Mexican land grant in California

Rancho Cienega del Gabilán was a 48781 acre Mexican land grant in present-day Monterey County and San Benito County, California.

It was granted in 1843 by Governor Manuel Micheltorena to Antonio Chaves (Chávez). The name means "spring of the hawk ranch". The grant was located in the Gabilan Range east of present-day Salinas.

==History==
José Antonio Chávez came to California in 1833 with Governor José Figueroa. He was a tax collector at Monterey in 1843, and one of the prime movers in the movement against Manuel Micheltorena 1844. Chávez was the grantee of the eleven square league Rancho Cienega del Gabilán 1843 and the three square league Rancho Pleyto in 1845. He took part as Lieutenant in various military operations in the Mexican–American War of 1846. He was sent by José Castro to John C. Frémont's camp at Gavilan Peak. Later he kidnapped Thomas O. Larkin and was second in command at the Battle of Natividad, where he was wounded. He returned to Mexico in 1848.

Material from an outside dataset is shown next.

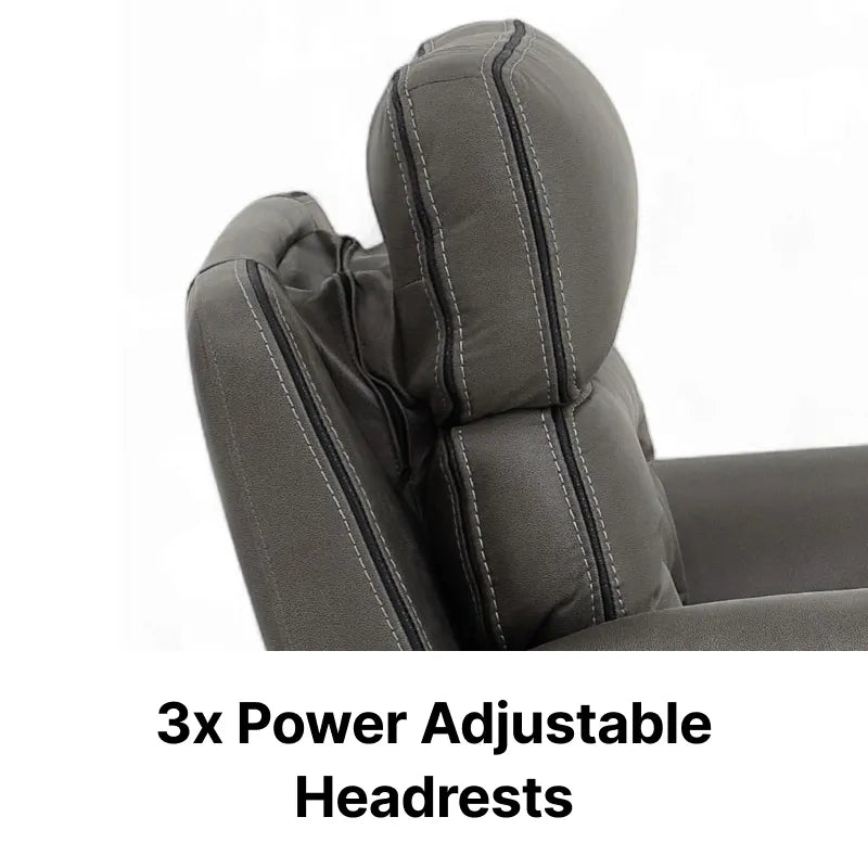 Fully Adjustable Support – Power recline and adjustable headrests across the set; massage on chair only

With the cession of California to the United States following the Mexican-American War, the 1848 Treaty of Guadalupe Hidalgo provided that the land grants would be honored. As required by the Land Act of 1851, a claim for Rancho Cienega del Gabilán was filed by José Yves Limantour with the Public Land Commission in 1853. José Yves Limantour, who became notorious for his fraudulent claims, maintained that he had bought the grant from Chaves. The land commission rejected his claim.

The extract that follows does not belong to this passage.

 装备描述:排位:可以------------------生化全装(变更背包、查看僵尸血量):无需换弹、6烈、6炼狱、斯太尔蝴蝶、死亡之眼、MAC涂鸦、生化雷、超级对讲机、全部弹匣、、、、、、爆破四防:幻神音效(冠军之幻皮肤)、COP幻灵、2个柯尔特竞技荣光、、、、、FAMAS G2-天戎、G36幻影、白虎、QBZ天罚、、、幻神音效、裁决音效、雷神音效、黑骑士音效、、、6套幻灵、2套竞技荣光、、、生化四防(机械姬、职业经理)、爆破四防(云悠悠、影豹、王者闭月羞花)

Thomas O. Larkin (1802 - 1858) claimed he bought Rancho Cienega del Gabilan from Chaves and received confirmation of it just after he died in 1858. Larkin had also bought Rancho Pleyto from Chaves.

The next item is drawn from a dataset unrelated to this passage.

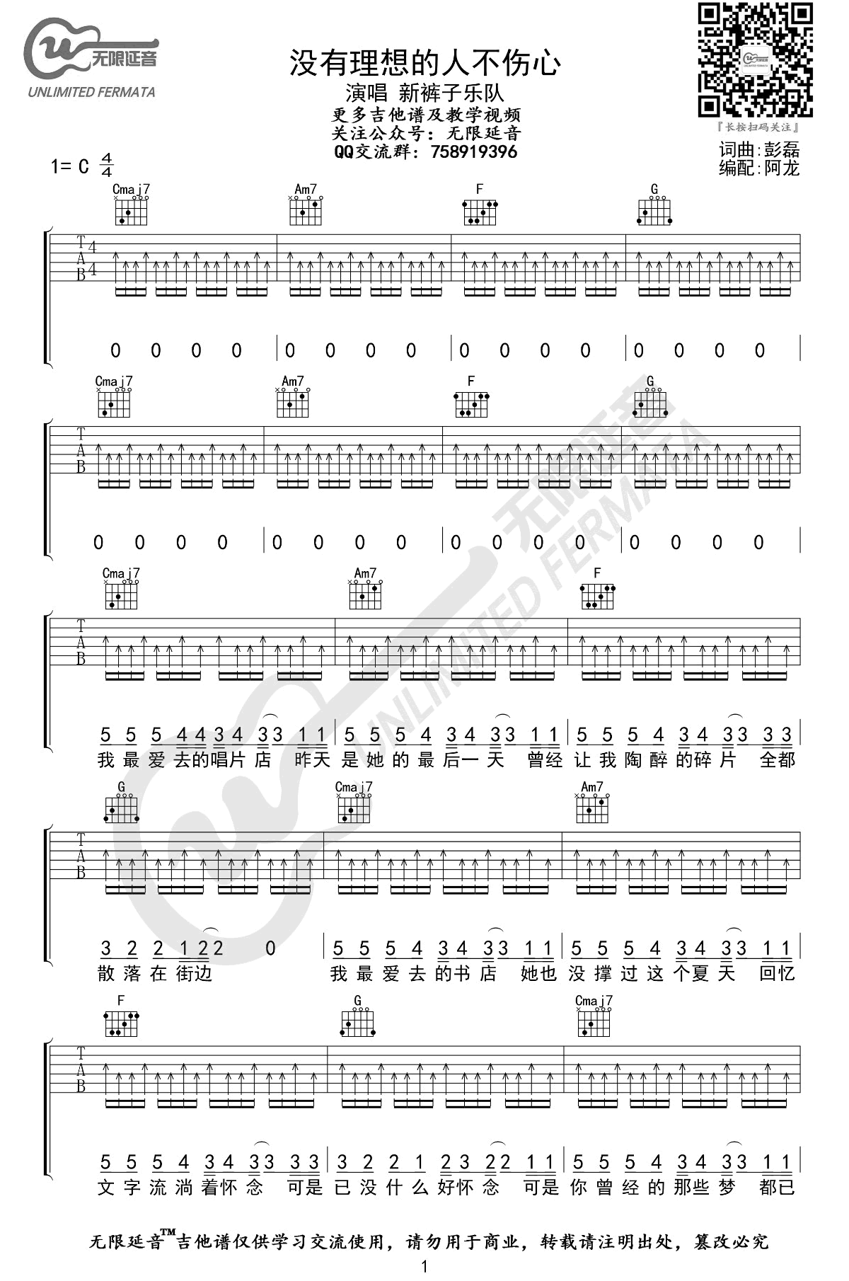 《没有理想的人不伤心》吉他谱,新裤子乐队演的一首歌,在《乐队的夏天》最后一期乐队HOT5比赛中也现场演唱,将他们心底压抑多年的情绪宣泄了出来。没有理想的人不伤心六线谱,C调指法,高清弹唱图片谱,无限延音编配出品...

Jesse D. Carr bought the rancho from the Larkin heirs, and the grant was patented to Jesse D. Carr in 1867.

Jesse Carr sold the ranch in portions. The western portion was acquired by the James Bardin family (owners of part of neighboring Rancho El Alisal), who continue to own parts of the ranch. Some of the land was acquired from Bardin heirs by the Silacci family in 1939. The Silacci family continues to ranch on the land; the California Rangeland Trust has acquired a conservation easement on their land.

The central portion of the Gabilan ranch was later owned by Egbert Judson of Giant Powder Company. Salinas doctor Rollin Reeves acquired the ranch in 1929. Reeves donated some of his land to the State of California for Fremont Peak State Park. His descendants continue to own the ranch and have expanded it by purchasing neighboring parcels. The Nature Conservancy purchased a conservation easement on the property in 2006.